家庭教師というのは、普通の教師と、決定的に違うところがある。それは、教える子のお宅にまで足を運ぶということである。当たり前のことだといわれるかもしれないが、これは、重要なことであると思う。いわばご家庭のご両親がどんな考えをして子供さんと接しているかなどが、つぶさに(少なくとも、ほかの教師に比べれば)理解できるからである。そこから、私は、子供を変えていく以上にご両親に変わってもらう必要を感じることもしばしばだった。
あるとき、兄弟の一方を、どうも出来が悪い、といって困ってられるお母さんがいらっしゃったので、もともと、頭が悪いのではなく、もしかしたら、お母さんがそういう子にしてしまった、あるいは、そういう子になるのを未然に防げなかったのでは、と思って、次のようなたとえ話をしてさしあげた。
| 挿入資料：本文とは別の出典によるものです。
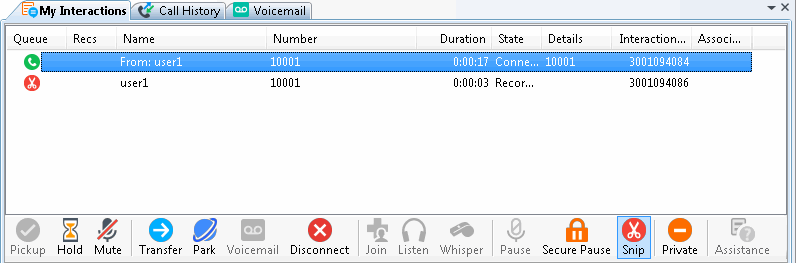 You can view the currently available queue control shortcuts by right-clicking on an interaction in My Interactions or other queue tab. This displays the shortcut menu for the current interaction. Actions that are not available for the current interaction are grayed-out.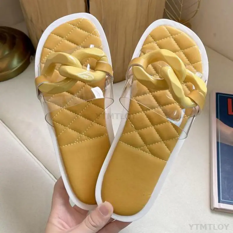 Шлепанцы женские на плоской подошве, мягкие сандалии с цепочкой, удобная Роскошная пляжная обувь для дома, летняя модель 2021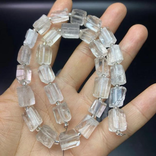 Natürliche, klare Quarz-Zylinderperlen – unregelmäßige Edelsteinperlen in Röhrenform, 8 x 12 mm, 38 cm langer, vorgebohrter Strang, für selbstgemachten Schmuck und Energieheilung
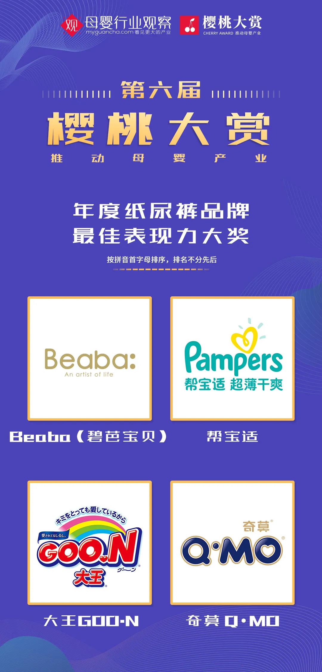 奇莫Q·MO荣获第六届樱桃大赏“年度纸尿裤品牌最佳表现力大奖”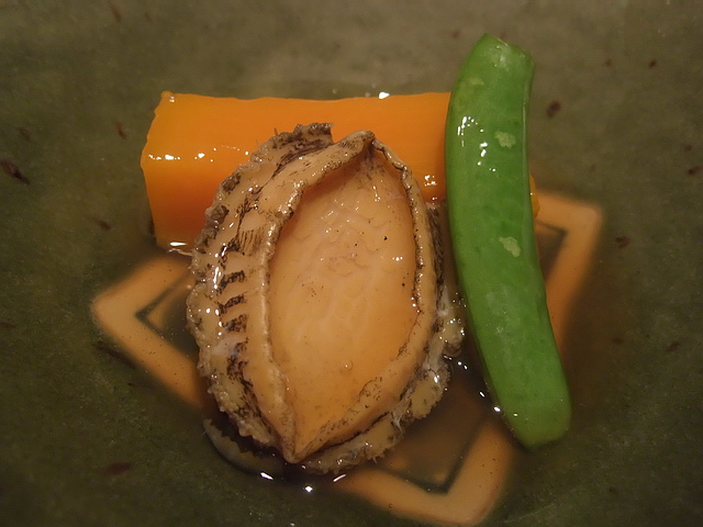 柔煮鮑魚:令人滿足的煮物,鮑魚的柔嫩口感,挾著不死鹹的醬汁,溫溫地,調和的前幾品的冷.......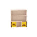 Sideboard mit 2 Böden, obere Fächer frei, unten links und rechts jeweils 4 ABS-Boxen, mittiges Fach frei für Kitas & Schulen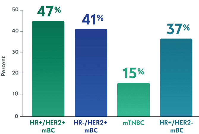 References: 1. National Cancer Institute Surveillance, Epidemiology, and End Results Program. Cancer stat facts: female breast cancer subtypes. Accessed October 10, 2025. https://seer.cancer.gov/statfacts/html/breast-subtypes.html 2. Al Sukhun S, Temin S, Barrios CH, et al. Systemic treatment of patients with metastatic breast cancer: ASCO resource-stratified guideline. JCO Glob Oncol. 2024;10:e2300285. doi:10.1200/GO.23.00285 3. Dent R, Trudeau M, Pritchard KI, et al. Triple-negative breast cancer: clinical features and patterns of recurrence. Clin Cancer Res. 2007;13(15, pt 1):4429-4434. 4. Punie K, Kurian AW, Ntalla I, et al. Unmet need for previously untreated metastatic triple-negative breast cancer: a real-world study of patients diagnosed from 2011 to 2022 in the United States. Oncologist. 2025;30(3). 5. Moy B, Rumble RB, Come SE, et al. Chemotherapy and targeted therapy for patients with human epidermal growth factor receptor 2–negative metastatic breast cancer that is either endocrine-pretreated or hormone receptor–negative: ASCO guideline update. J Clin Oncol. 2021;39(35):3938-3958. 6. Moy B, Rumble RB, Carey LA. Chemotherapy and targeted therapy for HER2-negative metastatic breast cancer that is either endocrine-pretreated or hormone receptor−negative expert panel: ASCO guideline rapid recommendation update. J Clin Oncol. 2022:40(26):3088-3090. 7. Moy B, Rumble RB, Carey LA. Chemotherapy and targeted therapy for endocrine-pretreated or hormone receptor−negative metastatic breast cancer expert panel: ASCO guideline rapid recommendation update. J Clin Oncol. 2023:41(6):1318-1320. 8. Perry S, Kowalski TL, Chang C-H. Quality of life assessment in women with breast cancer: benefits, acceptability and utilization. Health Qual Life Outcomes. 2007;5:24. 9. Wood R, Mitra D, de Courcy J, Iyer S. Patient-reported quality of life and treatment satisfaction in patients with HR+/HER2- advanced/metastatic breast cancer. Clin Ther. 2017;39(8):1719-1728. 10. Walker MS, Hasan M, Yim YM, Yu E, Stepanski EJ, Schwartzberg LS. Retrospective study of the effect of disease progression on patient reported outcomes in HER-2 negative metastatic breast cancer patients. Health Qual Life Outcomes. 2011;9:46. 11. Burstein HJ, Somerfield MR, Barton DL, et al. Endocrine treatment and targeted therapy for hormone receptor-positive, human epidermal growth factor receptor 2−negative metastatic breast cancer: ASCO guideline update. J Clin Oncol. 2021;39(35):3959-3977. 12. Mosher CE, Johnson C, Dickler M, Norton L, Massie MJ, DuHamel K. Living with metastatic breast cancer: a qualitative analysis of physical, psychological, and social sequelae. Breast J. 2013;19(3):285-292.

同じ人間に、右手と左手がありますね。普通右手が器用な人が多いですけど、そうでない人も、いっぱいいます。自分にも子供がいるからわかるのですが、生まれたばかりは、どちらの手も、とても不器用です。ある人の右手が器用になってしまうのは、その人が、そちらの手ばっかり使っているからで、左手が不器用になってしまうのは、その逆だからでしょう。
賢明な方だったら、このたとえは、すぐ理解していただけると思う。
人間にも同じことが言えるわけで、頭を使うことが少なかった子が、結果として頭が悪く見える、ということになったのではないかと思う。
その子の場合、競争心のまったくない子だった。これは、彼を、いろんな意味で弱い子にしてしまっている原因のひとつだと思う。私は、いくつか手を打った。その結果、彼は、昔ののんべんだらりとした感じは、どこへやら、ずいぶん集中して勉強できるようになった。頭は少しずつだが、よくなっているように感じられる。
そう、頭は少しずつよくなっていくものだと思う。長い時間をかけて。それは、ちょうど、左手が、すぐに右手にとって変われないのと同様である。